- The Washington Times - Thursday, September 25, 2003

Proponents of the Federal Marriage Amendment are right: This is a political fight that is worth having. But they are wrong in thinking an amendment to the U.S. Constitution defining marriage as the union of one man and one woman will save the institution from the depredations of the postmodern deconstructionists.

This is because the problem is not with the Constitution, but the courts.

Nothing in the text of the Constitution suggests the federal courts have the authority to define marriage for the 50 states. Indeed, our entire legal history powerfully reinforces the idea that marriage law is a matter of state’s rights.

Yet the amendment’s advocates, including such first-rate legal minds as Robert Bork, Hadley Arkes of Amherst College and Robbie George of Princeton, fear activist federal courts will impose homosexual “marriage” on the states. This concern is real and should not be underestimated.

Even so, amending the Constitution will not resolve the problem or dissipate the threat. Judges who are unconstrained by the actual text of the Constitution, the doctrine of federalism, or America’s legal history are unlikely to be deterred by a mere amendment. If such judges are willing to ignore the plain language of the Constitution in other circumstances, why would they suddenly be obliged to respect the text of a marriage amendment?

They wouldn’t, and this is why the federal marriage amendment ultimately will not save marriage.

Result-oriented judges have shown over and over that they are willing to wield raw judicial power to achieve their desired social ends. Justice Antonin Scalia made exactly this point in his ringing dissent in Lawrence vs. Texas, the anti-sodomy law decision that Justice Scalia prophetically warned laid the predicate for federal pre-emption of state marriage law.

Other recent cases are likewise suggestive. Justice Sandra Day O’Connor explicitly admitted in the University of Michigan affirmative action case that the 14th Amendment prohibits the government from discriminating or showing favoritism on the basis of race. Yet in affirming government-sanctioned race discrimination for university admissions, Justice O’Connor averred that a compelling state interest in diversity overrides the amendment.

One can almost hear Justice O’Connor on the federal marriage amendment: Yes, the plain language of the amendment bars the government from extending legal recognition to any union other than that between one man and one woman for the purpose of marriage. Yet a compelling state interest in promoting equality, and growing public tolerance of alternative sexual arrangements among consenting adults, leads to the inevitable conclusion that the marriage amendment does not ban legal recognition of same-sex unions, plural marriage, polygamy and other novelties. The equity argument trumps a rigid textualism.

One need hardly note other recent examples of runaway courts trashing federal and state constitutions.
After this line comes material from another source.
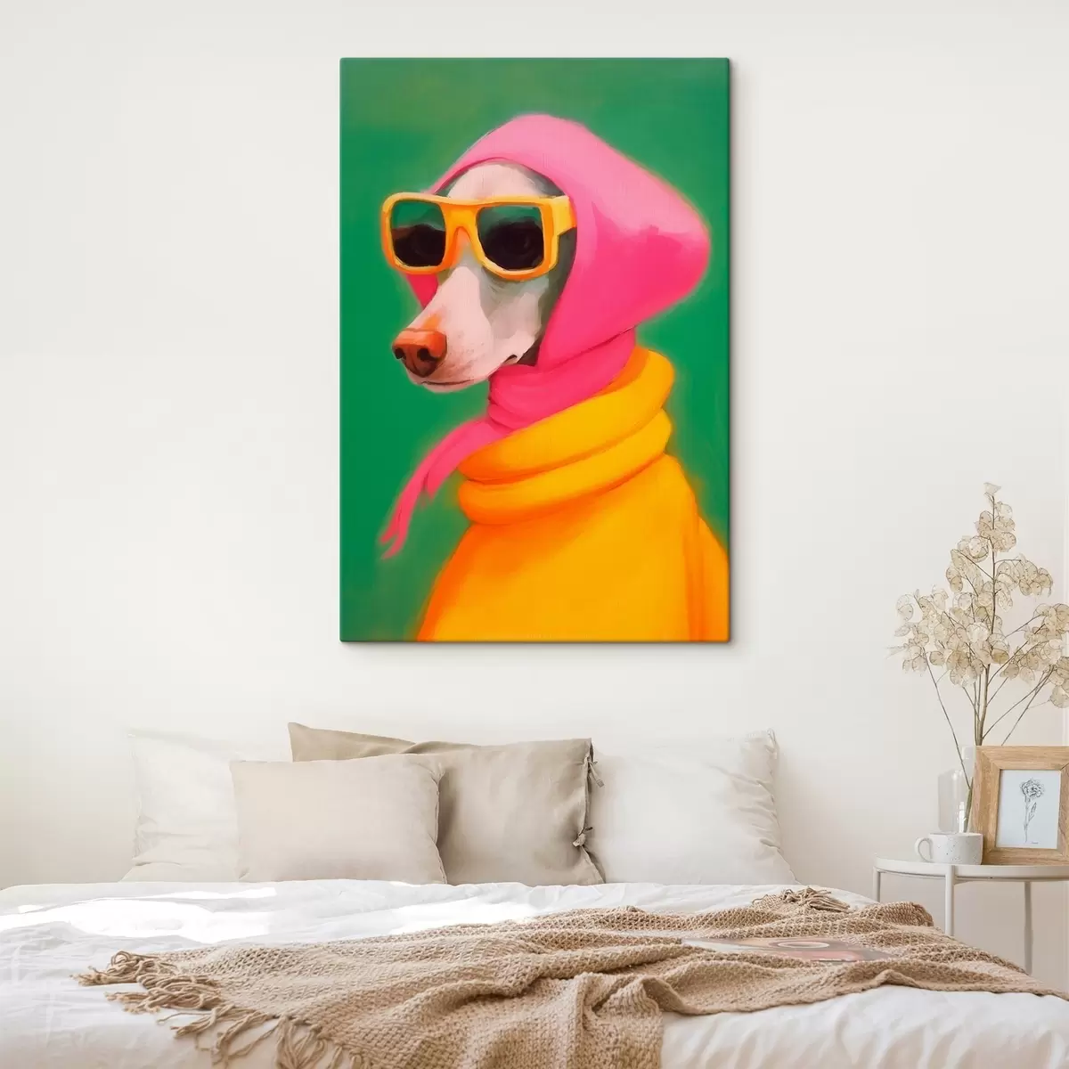 Gemälde Stylischer Hund in heller Kleidung Art. s43265

Such examples could include the 9th “Circus” Court’s bizarre ruling on the Pledge of Allegiance and its unwarranted intervention in the California recall election.

And what of the New Jersey Supreme Court ripping up the Garden State’s election law to substitute Frank Lautenberg on the ballot for the imploding Bob Torricelli?

Or consider a federal court arrogating to itself the power to decide what kinds of monuments will adorn state government buildings in Georgia. Is such lawless jurisprudence likely to be cowed by a marriage amendment?

Clearly, then, the problem is not a defective Constitution, but a renegade judiciary that the other two branches of government have failed to restrain under the separation-of-powers doctrine. Such activist, politicized judges are unlikely to be deterred by another amendment to a Constitution they already hold in contempt.

Still, the fight over the federal marriage amendment is one that might be worth having. America is deeply divided between those who espouse traditional Judeo-Christian moral values and those who favor a post-Christian, postmodern secularist vision of society. Pat Buchanan was dead right about the culture war in his 1992 Republican Convention speech.